Выбрать главу

Меня сразу поместили в маленькой комнатке, метров шесть квадратных, но мне больше и не надо. Рядом с моей была большая комната, там жили несколько человек из полиции рабочей команды, были тут ребята из Донбасса, из той же военной части, что Саша с Ваней, и один, Володь-ка, был с Волги, он был совсем белый, с льняными волосами. На кухне помещался старенький еврей, часовой мастер, он чинил часы, что было полезно для Василия и немцев. Немцы гонялись за русскими часами, а Василий, видно, собирал часы и потому держал часовщика. Потом он таки собрал их достаточно, отдал коменданту как откуп за себя, и ему разрешили пойти в примы, то есть жениться на местной и жить недалеко от лагеря.
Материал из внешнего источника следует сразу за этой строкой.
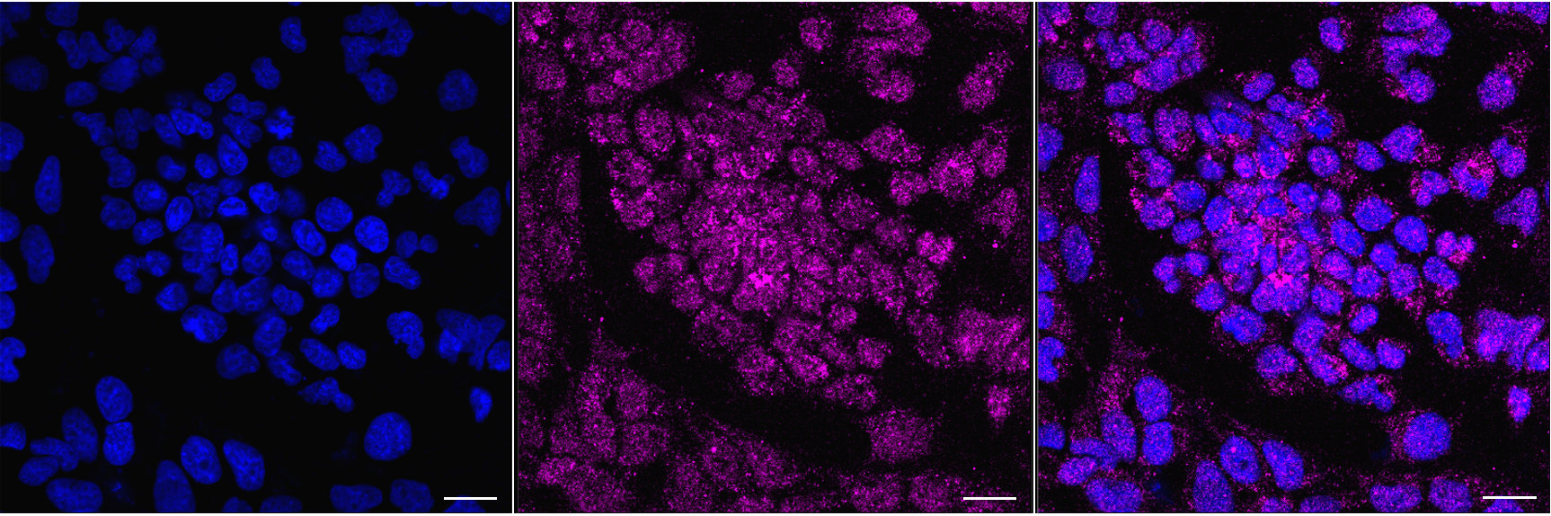 • Immunocytochemical staining of HeLa cells with Complement C3 antibody. Nuclei were stained blue with DAPI; Complement C3 was stained magenta with Alexa Fluor? 647. Images were taken using Leica stellaris 5. Protein abundance based on laser Intensity and smart gain: Medium. Scale bar, 20 μm.
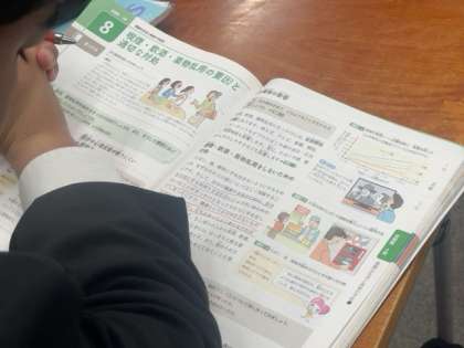 喫煙・飲酒・薬物乱用などによる害から身を守るためにはどうしたらいいのかを学んでいます。

Пока меня пригласили, и мы сели играть в преферанс. Я играть не умел и скоро отделался от игры. Пошли с Николаем Орловым ко мне в комнату. Он рассказал, как и где воевал, как командовал «катюшей», старался вырваться из окружения, но, расстреляв все снаряды, вынужден был взорвать «катюшу». Рассказал о Ваське, что он человек невредный, и ребята неплохие.

— А что полицаи, то не обращай внимания — зарабатывают лишнюю баланду, но не гады.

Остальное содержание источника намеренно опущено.